Assignment:
Q1. A colorless liquid A (C3H6O) was soluble in water and ether, and had a boiling point of 94-96 degrees C. it decolorized a Br2-CH2Cl2 solution and gave a positive ceric nitrate test. On catalytic hydrogenation it formed Compound B (C3H8O), which did not decolorized the above bromine solution, but did give a positive ceric nitrate test. Treatment of Compound A with ozone, followed by hydrolysis in the presence of zinc, gave formaldehyde as one of the products. Compound A formed an alpha-naphthylurethane with a melting point of 190 degrees C. What are the names and structures of Compounds A and B?
Q2. A compound of formula C14H12 gave a positive Baeyer test and burned with a yellow, sooty flame. Treatment with ozone followed by hydrolysis in the presence of zinc gave formaldehyde as one of the products. Also isolated from the ozonolysis reaction was a second compound, C13H10O, which burned with a yellow, sooty flame, and readily formed a semicarbazone with a melting point of 164 degrees C. The 1H NMR spectrum of this compound (C13H10) showed only complex multiplets near 7.5 ppm; the fully 1H-decoupled 13C NMR spectrum showed only 5 peaks. What are the structures and names of the two compounds?

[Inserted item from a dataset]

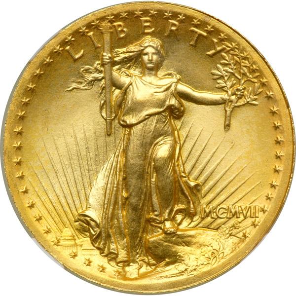 1907 $20 St. Gaudens. High relief, wire rim. NGC graded MS-67. Star. A stunning superb gem example exhibiting beaming golden yellow surfaces deepening at the extreme borders. A spectacular star-rated gem whose razor-sharp devices rise like a phoenix bird from the pure-as-gold satiny surface. The fields and devices glow with an almost surreal golden radiance due to the pristine nature of the surface; there are neither handling marks nor spotting of any kind to impair coin's originality. If you as an advanced or specialist collector have been hankering for a first class example of America's most beautiful gold coin, one whose immense presence and technical excellence would be almost impossible to improve on, you will want to ready a bid for this Mint State 67 High Relief. Superb!

Q3. Compound A (C7H14O) burned with a yellow, nonsooty flame and did not decolorized a bromine-methylene chloride solution. It did give a positive 2,4- dinitrophenylhydrazine test, but a negative Tollens test. Treatment of the compound with lithium aluminum hydride followed by neutralization with acid, produced a Compound B, which gave a positive Lucas test in about 5 min. Compound B also gave a positive ceric nitrate test. The 1H NMR spectrum for Compound A gave the following data:
1.02 ppm 9H, singlet
2.11 ppm 3H, singlet
2.31 ppm 2H, singlet.
Give suitable structures for Compounds A and B.
Q4. A friend of yours who is a graduate student attempting to establish the structure of a chemical species from field clover, isolated an alcohol that was found to have an optical rotation of +49.5 degrees. Chemical analysis gave a molecular formula of C5H10O. It was also observed that this alcohol readily decolorized Br2-CH2Cl2 solution. On this basis, the alcohol was subjected to catalytic hydrogenation and was found to absorb 1 mol of hydrogen gas. The product of the reduction gave a positive ceric nitrate test, indicating that it too was an alcohol. However, the reduced compound was optically inactive. Your friend has come to you for assistance in determining the structures of the two alcohols. What do you believe the structures are?
Provide complete and step by step solution for the question and show calculations and use formulas.